Bevy makes using Dependency Injection a breeze so that you can focus on creating amazing code.


pip install bevy


Dependency Injection

Put simply, Dependency Injection is a design pattern where the objects that your class depends on are instantiated outside of the class. Those dependencies are then injected into your class when it is instantiated. This promotes loosely coupled code where your class doesn’t require direct knowledge of what classes it depends on or how to create them. Instead your class declares what class interface it expects and an outside framework handles the work of creating the class instances with the correct interface.

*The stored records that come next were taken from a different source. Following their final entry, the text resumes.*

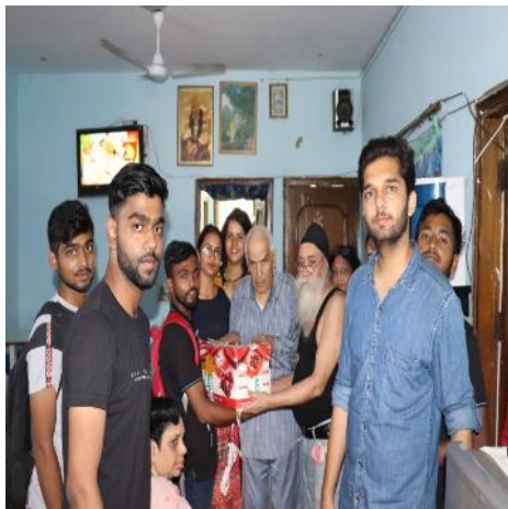
Visit to Old Age Home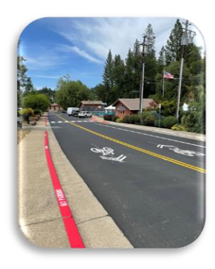
*Projects funded by other revenue sources.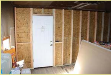
More repair done. Safe from harsh winter!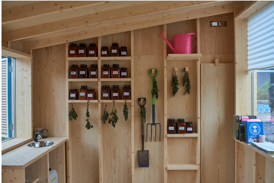
Fig. 7 Detail from Bothy: Congregation (creating dangerously remix) , by Alberta Whittle. 2022. Exterior painted treated pine, corrugated steel, interior engineered pine and pine veneer. (exh. Grand Union, Birmingham).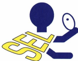
Table Tennis Club Snel en Lenig

Table Tennis Club Snel en Lenig (SEL) has been a household name in Wassenaar for more than fifty years. On September 25, 1967 the club was founded. During these years, many people have played table tennis with great pleasure. The club offers both the possibility of recreational and competitive play.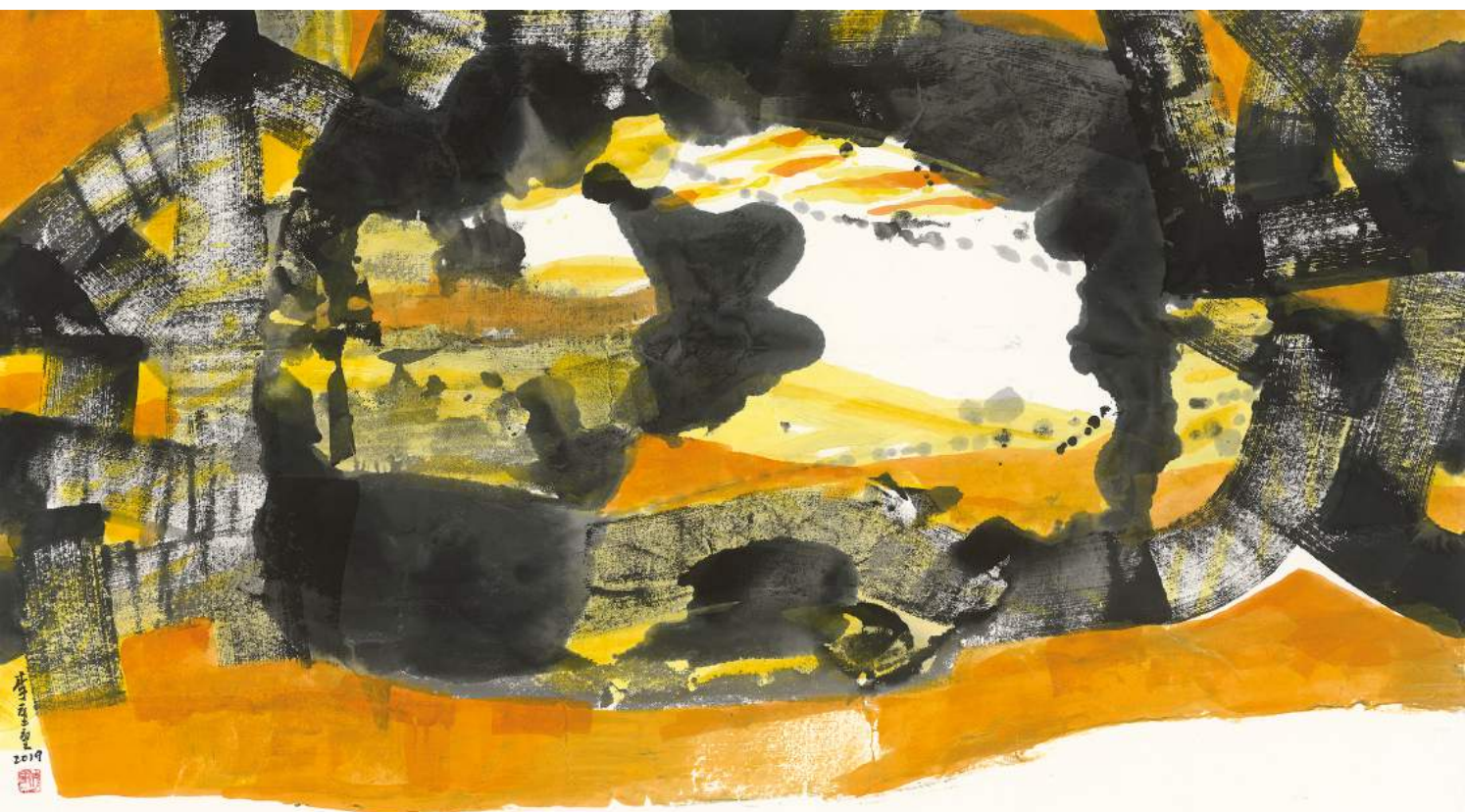
LEE Chung-Chung Poetry as a Brocade, 2019 Ink and color on paper 94×124.2cm 120×161.5×6cm (with frame)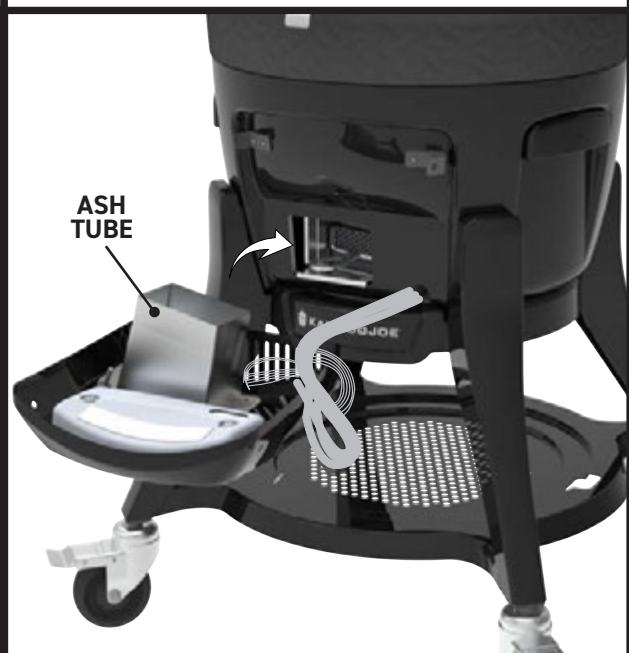
Repeat the steps in reverse order to install the new front module. (Note - when reinstalling the front module, be sure the ash tube is fully seated in the grill body).

Python doesn’t have an actual interface implementation like many other languages. Class inheritance, however, can be used in a very similar way since sub classes will likely have the same fundamental interface as their base class.

Why Do I Care?

Dependency Injection and its reliance on abstract interfaces makes your code easier to maintain:

  • Changes can be made without needing to alter implementation details in unrelated code, so long as the interface isn’t modified in a substantial way.
  • Tests can provide mock implementations of dependencies without needing to jump through hoops to inject them. They can provide the mock to the context and Bevy will make sure it is used where appropriate.

How Bevy Works

Bevy allows your class to say what dependencies it has by using undefined class attribute annotations. That’s a bit vague so here is an example:

class MyClass(Injectable):
    my_dependency: MyDependency

The class MyClasshas a dependency on the MyDependency interface. It wants this dependency to be made available with the attribute name my_dependency. This will allow your class to access an instance of MyDependencyas self.my_dependency, even from __init__ since the injection happens when __new__ is called.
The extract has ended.